Theories about what happened to Earhart and Noonan are varied. They disappeared while flying from New Guinea to Howland Island as part of the adventurer's attempt to become the first female pilot to circumnavigate the globe.
This could be the year
Last month, the International Group for Historic Aircraft, headed by longtime Earhart seeker Ric Gillespie, said a U.S. State Department analysis of an image off the remote island of Nikumaroro, in what is now the Pacific nation of Kiribati, looks like it could be aircraft landing gear. Gillespie's team will return in July to renew its search.
A few months later, Thompson will be a sonar operator on a ship headed by David Jourdan, a deep-sea explorer who used high-tech equipment in 1999 to find the Israeli submarine, the Dakar, which went missing in 1968.
"It seems to be the greatest unsolved mystery of the last century," Thompson said.
Thompson and Jourdan are among the many historians and researchers who believe Earhart's plane crashed into the ocean, which they say explains why extensive searches shortly after the disappearance failed to uncover remains or debris.

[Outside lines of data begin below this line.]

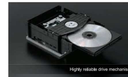
Highly reliable drive mechanism

The D-380 features a left sided mechanism layout to accommodate the ideal flow for the sound signal and power supply as proven in the D series of SACD players. A new mechanical design has resulted in an 8mm thick solid aluminium base with a loopless and shielded box chassis to provide support for the drive mechanism and stability in reading the digital signal.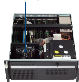
Easy-to-maintain system fan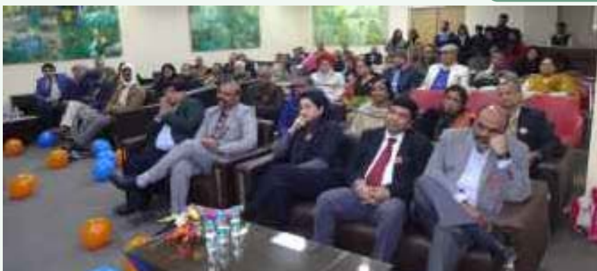
Patients and family members at the event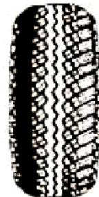
Faulty wheel alignment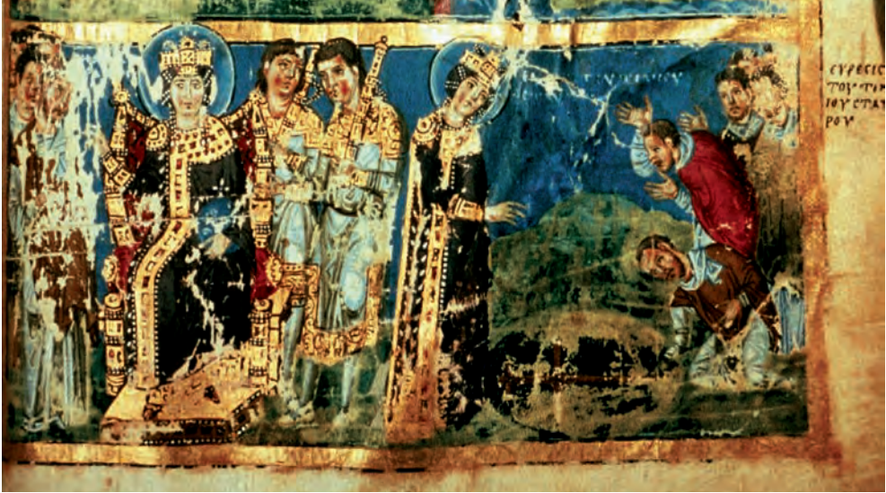
Fig. 18. Helena Finding True Cross, 9th c., Paris, BnF, Ms. gr. 510, fol. 440r

At Karlstejn, too, the collecting of base materials, the fixing with labels and images, the creating of narratives of looking, concealing, opening, and closing, blurred the distinctions between inert and dynamic, and between past and present. Withdrawing, after prayers, from the complex experience of tomb and heaven in the inner Chapel, Charles IV and his empress first confronted their own portraits in the guise of a new Constantine and Helena and then faced depictions of the end of time on the entry wall, reminding them that earthly power is transient, just as the Ark of the Testament was, and will cede to God's judgment.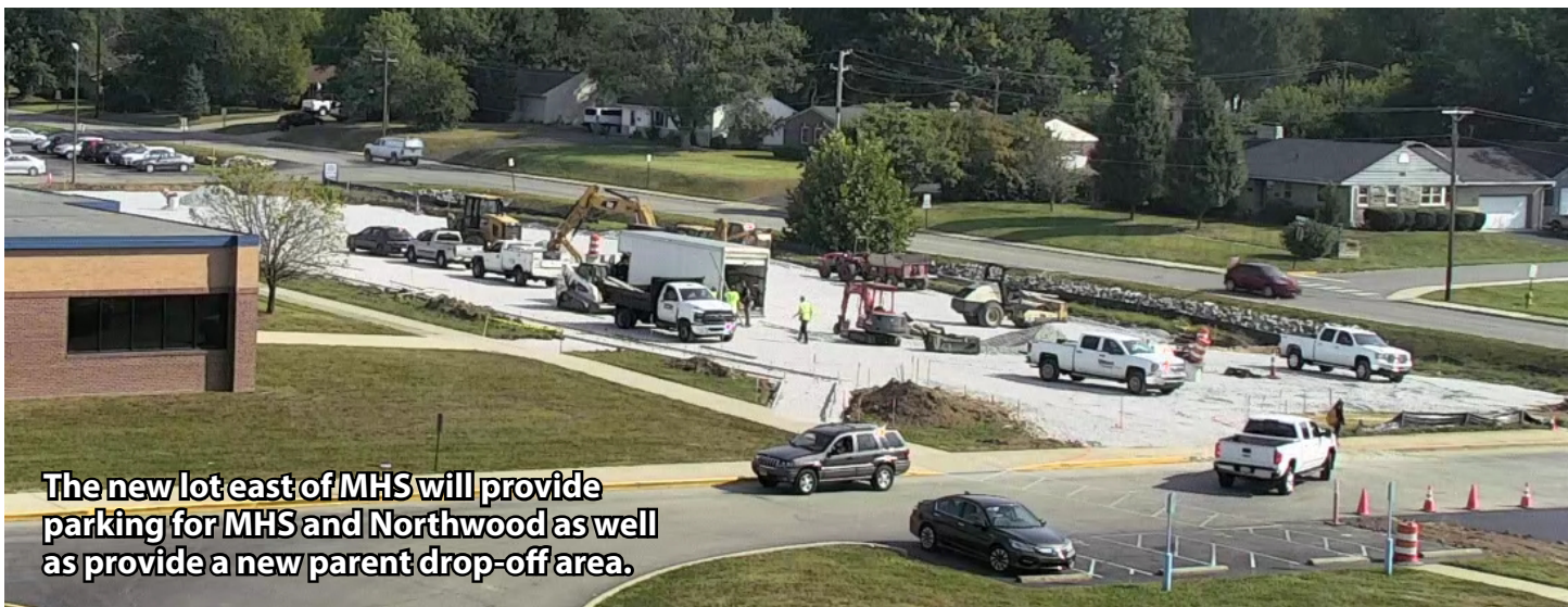
The new lot east of MHS will provide parking for MHS and Northwood as well as provide a new parent drop-off area.

MHS students should visit the school office to get their parking permits. Seniors will be able to paint their "senior parking spots" after the new east parking lot is completed.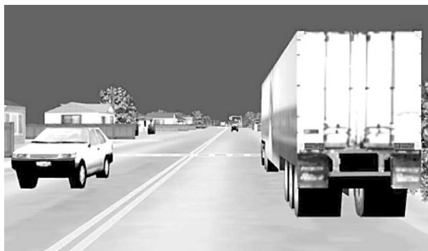
Figure 3 Simulator view: truck crosswalk scenario.

One of the potential weaknesses of the above study is that the trained novice drivers were evaluated on the driving simulator immediately after they had completed the PC based training. In order to remedy this shortcoming, the above study was replicated, only this time 12 novice drivers were evaluated on the simulator 3–5 days after training. 29 This represents a period of time which might elapse between PC based training in driver education classes and the novice driver's applying that training on the road as part of the learner's permit phase. Another set of 12 participants was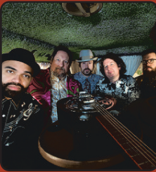
WED, JUL 19 THE JERRY DOUGLAS BAND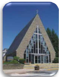
Sacred Heart Church 543 Main Street Margaretville, NY 12455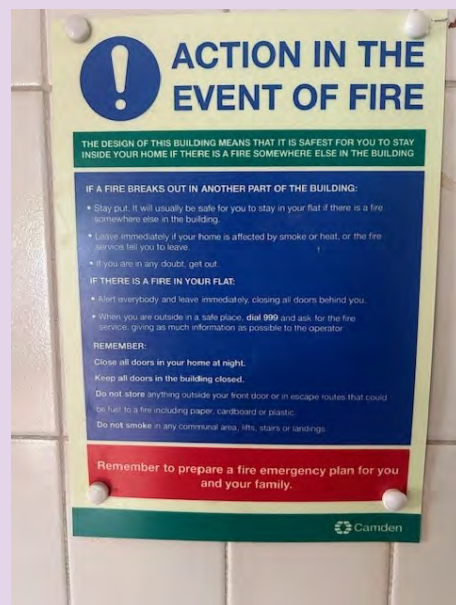
Fire Action Notice at Bridge House.

We have installed Fire Action Notices and Fire Exit Signs in your building.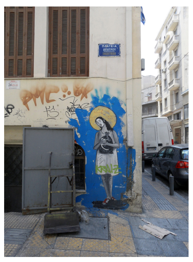
Figure 6: bleeps.gr. "Forty Years of Debtocracy", 2011. (Plateia Theatrou, Psyrri)

One characteristic example of site-specific work in the area of study is that of the artist Sonke,19 who proclaimed that 'of course I am influenced by Athens, the cityscape and the people of Athens [...], that is the reason for having sadness behind my work: Behind their smiling faces on Saturday nights, most of the people here are sad' (Gelly 2011). But as the crisis engulfed the city, Sonke was going through a more personal strife. The localization of Sonke's 'sad princesses' or 'weeping mermaids' of 2009-10, expressions of a world of love and betrayal, can perhaps be traced to a recent romance and separation, after which he started creating teary-eyed girls and flowers on the walls of buildings his ex-girlfriend frequented, or along streets she passed from [fig. 5].<sup>20</sup> Be that as it may, Sonke's numerous 'hurt and pathetic lovers'21 earned him quick and broad recognition, largely thanks to the careful choice of site, often around popular Gazi cultural and entertainment venues.22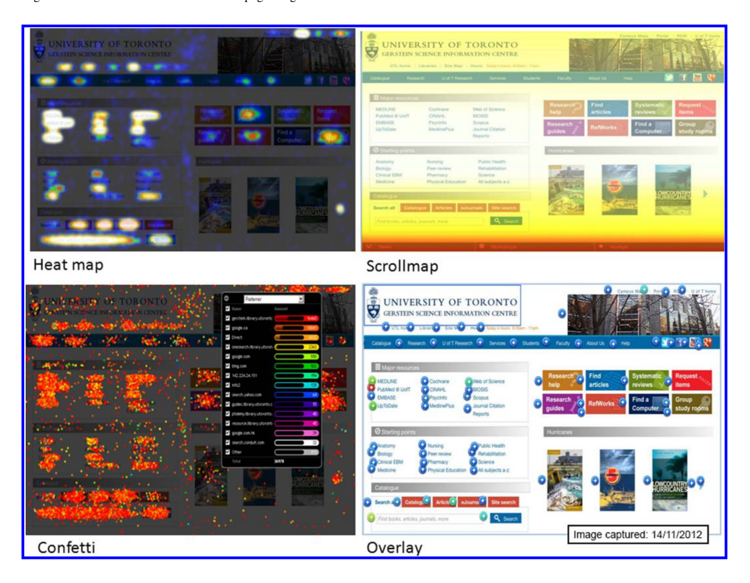
Fig. 1. Four visualization formats of web page usage.

that patrons are finding the hours link, and that it has not been lost in "banner blindness." As the academic year draws to a close, the usage of the link drops significantly, most likely because patrons have become familiar with our library hours.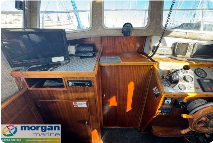
Starfish 8 - cabin

Gillespie's group believes Earhart and Noonan may have managed to land on a reef abutting the atoll, then known as Gardner Island, and survived for a short time. They surmise the plane was washed off the reef shortly after landing and that the wreckage may be in the deep waters nearby. That is what they will look for during their 10-day expedition in July.
Conspiracy theories that Earhart and Noonan were U.S. government agents captured by the Japanese before the World War II have been largely debunked.
Thompson and his group plan to spend two months searching a 400- to 600-square-mile area within 20 miles of Howland Island. It's the final section of an area where research from three institutions suggests the plane could have crashed. Thompson's two previous missions searched about 2,200 square miles nearby.
Students weigh theories
Before fall, Thompson will complete proton therapy treatment for prostate cancer at Houston's MD Anderson Cancer Center. He will also work with students at the University of Texas' Cockrell School of Engineering to analyze two theories about Earhart. One investigates how far the plane would glide before sinking based on ocean drifts and other aspects of crashing on water. The other looks at where the aircraft could have flipped and broken on impact if Earhart were too exhausted and weak to operate the machine.
Vishnu Jyothindran, a senior studying aerospace engineering who is leading the research, is excited by the uncertainty.
"In class, you expect you'll get a question that you can solve with data in the textbook," he said in a statement. "We don't have that guarantee here, and that's unfortunate, but it's also just reality."
If artifacts are found, Thompson already knows what the exhibit would look like. The artifacts would travel on a three-story barge and dock at dozens of North American cities. It would be called "Patience, Persistence, Passion." Visitors would enter an area that looks like Earhart's childhood home, go through a portion showcasing technology that helped find the crash site, and finally go into a place where the aircraft — or a replica of it — would be displayed.
Human remains and any wood would have disintegrated at 18,000 feet, Thompson said. But Earhart's jewelry, helmet and even her leather jacket could still be found.
"I hope we still find it strapped in the seat belt," he says, grinning.